Miri MNS chairman Musa Musbah also gave a talk on “Oriental Pied Hornbills at Piasau Camp” while bird specialist and environmental consultant Dave Bakewell touched on “Surveying Migratory Waterbirds in Sarawak”.
Sarawak Forestry’s head of protected areas biodiversity conservation Oswald Braken Tisen delivered his presentation on “Endangered Animals and Enforcement in Sarawak” while TRAFFIC Southeast Asia senior programme officer Kanitha Krishnasamy and senior communications officer Elizabeth John highlighted the “Illegal Wildlife Trade in Malaysia”.
Aside from these talks, there was an indoor 30-minute tour to introduce participants to the forest creatures of the night as well as a first nature and a geology walks.
They also visited some archeological and historical sites during a 90-minute Santubong Heritage Walk.
Workshops on photography were conducted as well.
The participants also took part in an adventurous three-hour night kayaking along the coast of Santubong. In addition, there was also a guided boat tour to observe the firefly colonies along Sungai Buntal.
The festival was not confined in the resort.

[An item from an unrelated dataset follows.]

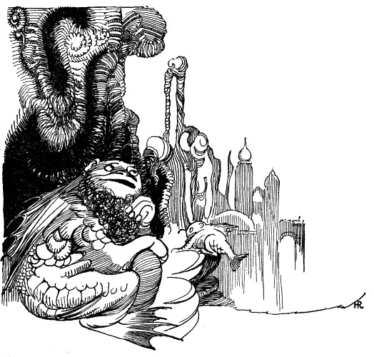 Then he began once more the writing of books, which he had left off when dreams first failed him. But here, too, was there no satisfaction or fulfilment; for the touch of earth was upon his mind, and he could not think of lovely things as he had done of yore. Ironic humor dragged down all the twilight minarets he reared, and the earthy fear of improbability blasted all the delicate and amazing flowers in his faery gardens. The convention of assumed piety spilt mawkishness on his characters, while the myth of an important reality and significant human events and emotions debased all his high fantasy into thin-veiled allegory and cheap social satire. His new novels were successful as his old ones had never been; and because he knew how empty they must be to please an empty herd, he burned them and ceased his writing. They were very graceful novels, in which he urbanely laughed at the dreams he lightly sketched; but he saw that their sophistication had sapped all their life away.

At the nearby Damai Central, booths had been set up by various organisations and local communities for the bazaar, which was selling various goods and merchandise items.
Angkatan Zaman Mansang (Azam) Young Souls Musical Group also treated the crowd to an entertaining show while Trienekens held an Eco-Fashion contest for participants from colleges and secondary schools.
The festival went on into the night with an open mic session featuring Malaysian vocalist and songwriter Amir Yussof at Escobar Bar and Grill.
Kooch Cycling Club aided participants taking part in a bicycle treasure hunt “Race Through Time” while a game station manned by UCSI University kept the little ones occupied.
Closing the festival yesterday, Kuching MNS chairman Anthony Sebastian said the society was all about the people, adding that more could be achieved in terms of raising the awareness of the priceless natural and historical heritage that Santubong possessed if it could reach out to more members of the public.
“We need to see this organisation as something interesting.
“It has to be fun so that people will want to join but at the same time, there is also the serious side to it,” he stressed.
He said although the highlights of the festival were evident during the two days, it had actually been running since May through a series of activities.
Anthony anticipated that the festival would grow in strength over the next four years and called on all to join the society in helping to make a change.
Kuching MNS co-organised Santubong Nature Festival with Permai Rainforest Resort, with the support from Friends of Sarawak Museum, Sarawak Heritage Society, Sarawak Museum, Sarawak Economic Development Corporation, Trienekens (Sarawak) Sdn Bhd, LimKokWing Institute of Creative Technology, UCSI University, Sarawak Society for Prevention of Cruelty to Animals, and Damai Central.